→ TASK BRIEF: Once the pictures are set aside, reproduce the remaining data exactly.

→ DATA SEGMENT:

——

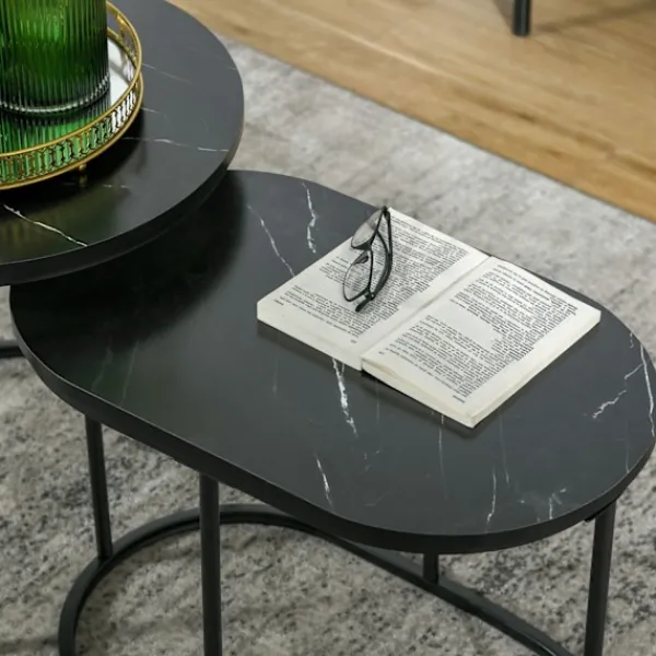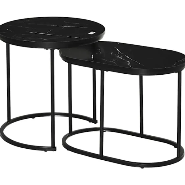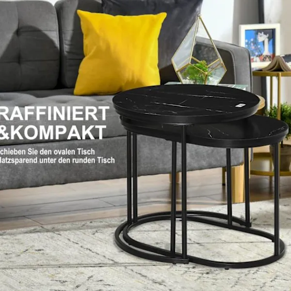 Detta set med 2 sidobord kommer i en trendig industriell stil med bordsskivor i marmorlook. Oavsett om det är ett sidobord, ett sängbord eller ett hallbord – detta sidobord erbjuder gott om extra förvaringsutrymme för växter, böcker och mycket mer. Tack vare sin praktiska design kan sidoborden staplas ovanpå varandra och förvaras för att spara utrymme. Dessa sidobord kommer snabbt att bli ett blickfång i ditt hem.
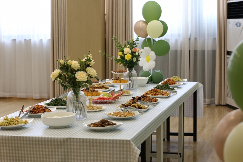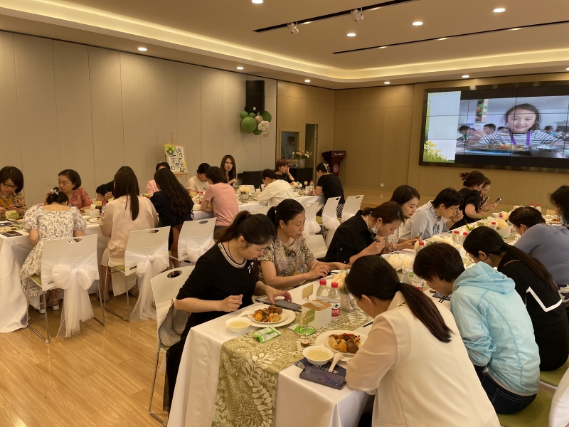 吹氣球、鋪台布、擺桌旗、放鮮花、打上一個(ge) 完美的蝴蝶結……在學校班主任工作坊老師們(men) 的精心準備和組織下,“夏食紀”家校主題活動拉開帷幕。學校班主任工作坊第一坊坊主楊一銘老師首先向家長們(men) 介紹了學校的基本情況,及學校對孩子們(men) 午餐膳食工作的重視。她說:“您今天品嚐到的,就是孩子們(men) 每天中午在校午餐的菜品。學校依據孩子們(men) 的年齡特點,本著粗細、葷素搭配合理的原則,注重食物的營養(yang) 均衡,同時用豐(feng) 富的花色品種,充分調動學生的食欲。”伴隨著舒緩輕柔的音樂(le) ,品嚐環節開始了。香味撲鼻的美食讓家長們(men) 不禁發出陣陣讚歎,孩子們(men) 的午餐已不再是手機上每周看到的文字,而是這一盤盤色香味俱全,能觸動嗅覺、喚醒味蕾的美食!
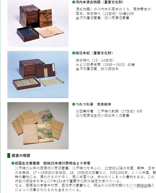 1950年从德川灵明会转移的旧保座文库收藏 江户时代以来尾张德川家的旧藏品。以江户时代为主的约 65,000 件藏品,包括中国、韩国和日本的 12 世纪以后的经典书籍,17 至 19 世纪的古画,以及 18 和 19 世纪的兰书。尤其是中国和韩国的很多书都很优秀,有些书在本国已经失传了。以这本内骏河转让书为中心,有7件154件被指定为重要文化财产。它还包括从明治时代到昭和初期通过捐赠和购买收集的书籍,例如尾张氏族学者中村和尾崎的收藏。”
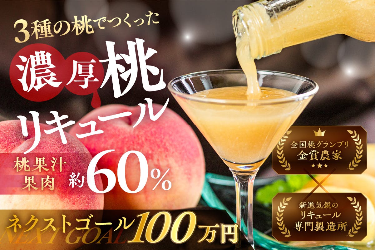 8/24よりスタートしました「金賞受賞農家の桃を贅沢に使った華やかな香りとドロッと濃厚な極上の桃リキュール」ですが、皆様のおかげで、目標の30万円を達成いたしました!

——

→ SOLUTION TO THIS EXERCISE:
 Detta set med 2 sidobord kommer i en trendig industriell stil med bordsskivor i marmorlook. Oavsett om det är ett sidobord, ett sängbord eller ett hallbord – detta sidobord erbjuder gott om extra förvaringsutrymme för växter, böcker och mycket mer. Tack vare sin praktiska design kan sidoborden staplas ovanpå varandra och förvaras för att spara utrymme. Dessa sidobord kommer snabbt att bli ett blickfång i ditt hem.
 吹氣球、鋪台布、擺桌旗、放鮮花、打上一個(ge) 完美的蝴蝶結……在學校班主任工作坊老師們(men) 的精心準備和組織下,“夏食紀”家校主題活動拉開帷幕。學校班主任工作坊第一坊坊主楊一銘老師首先向家長們(men) 介紹了學校的基本情況,及學校對孩子們(men) 午餐膳食工作的重視。她說:“您今天品嚐到的,就是孩子們(men) 每天中午在校午餐的菜品。學校依據孩子們(men) 的年齡特點,本著粗細、葷素搭配合理的原則,注重食物的營養(yang) 均衡,同時用豐(feng) 富的花色品種,充分調動學生的食欲。”伴隨著舒緩輕柔的音樂(le) ,品嚐環節開始了。香味撲鼻的美食讓家長們(men) 不禁發出陣陣讚歎,孩子們(men) 的午餐已不再是手機上每周看到的文字,而是這一盤盤色香味俱全,能觸動嗅覺、喚醒味蕾的美食!
 1950年从德川灵明会转移的旧保座文库收藏 江户时代以来尾张德川家的旧藏品。以江户时代为主的约 65,000 件藏品,包括中国、韩国和日本的 12 世纪以后的经典书籍,17 至 19 世纪的古画,以及 18 和 19 世纪的兰书。尤其是中国和韩国的很多书都很优秀,有些书在本国已经失传了。以这本内骏河转让书为中心,有7件154件被指定为重要文化财产。它还包括从明治时代到昭和初期通过捐赠和购买收集的书籍,例如尾张氏族学者中村和尾崎的收藏。”
 8/24よりスタートしました「金賞受賞農家の桃を贅沢に使った華やかな香りとドロッと濃厚な極上の桃リキュール」ですが、皆様のおかげで、目標の30万円を達成いたしました!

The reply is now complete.